Adhitya Shetty

Personal information
- Born: 5 July 2004 (age 22) Kolkata, West Bengal, India
- Batting: Right-handed
- Bowling: Right-arm leg spin
- Role: Bowler

International information
- National side: United Arab Emirates (2023-present);
- Only ODI (cap 104): 6 June 2023 v West Indies
- Source: Cricinfo, 7 June 2023

= Adhitya Shetty =

Emirati cricketer

Adhitya Shetty (born 5 July 2004) is a cricketer who plays for the United Arab Emirates national cricket team. He is a right-arm leg spin bowler.

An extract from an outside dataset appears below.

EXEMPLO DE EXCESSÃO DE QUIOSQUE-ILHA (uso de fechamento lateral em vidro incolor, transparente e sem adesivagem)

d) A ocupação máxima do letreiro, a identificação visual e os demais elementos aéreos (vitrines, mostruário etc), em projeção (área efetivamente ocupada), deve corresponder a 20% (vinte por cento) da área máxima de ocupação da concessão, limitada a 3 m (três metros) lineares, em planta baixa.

Shetty won a scholarship to attend the ICC Academy in 2017. In January 2021, aged 16, he was named in the UAE senior squad for an ODI series against Ireland. He was expected to make his international debut during the series, which would have made him the youngest ODI player in UAE history, but two matches were cancelled following an outbreak of COVID-19.

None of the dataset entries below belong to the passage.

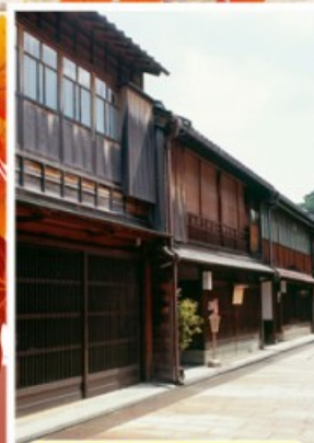
ย่านอิงาชิบายะ
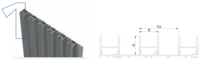
Fin profilé en U 30 mm verticale
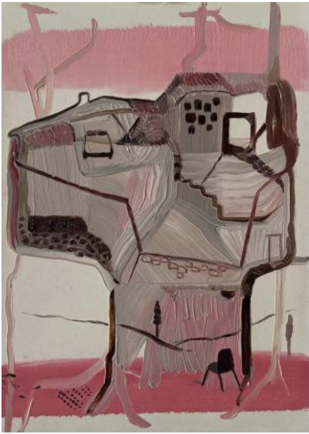
interieur - exterieur serie-no: , 2022 olieverf op papier, 21 x 14,8 cm

Shetty represented the United Arab Emirates national under-19 cricket team at the 2022 Under-19 Cricket World Cup in the West Indies. He was named man of the match against Uganda after taking 4/29 and hitting the winning runs from tenth in the batting order.

==International career==
In May 2023, Shetty was named in the UAE national squad for an ODI series against the West Indies. He made his One Day International (ODI) debut for the UAE against the West Indies on 6 June 2023.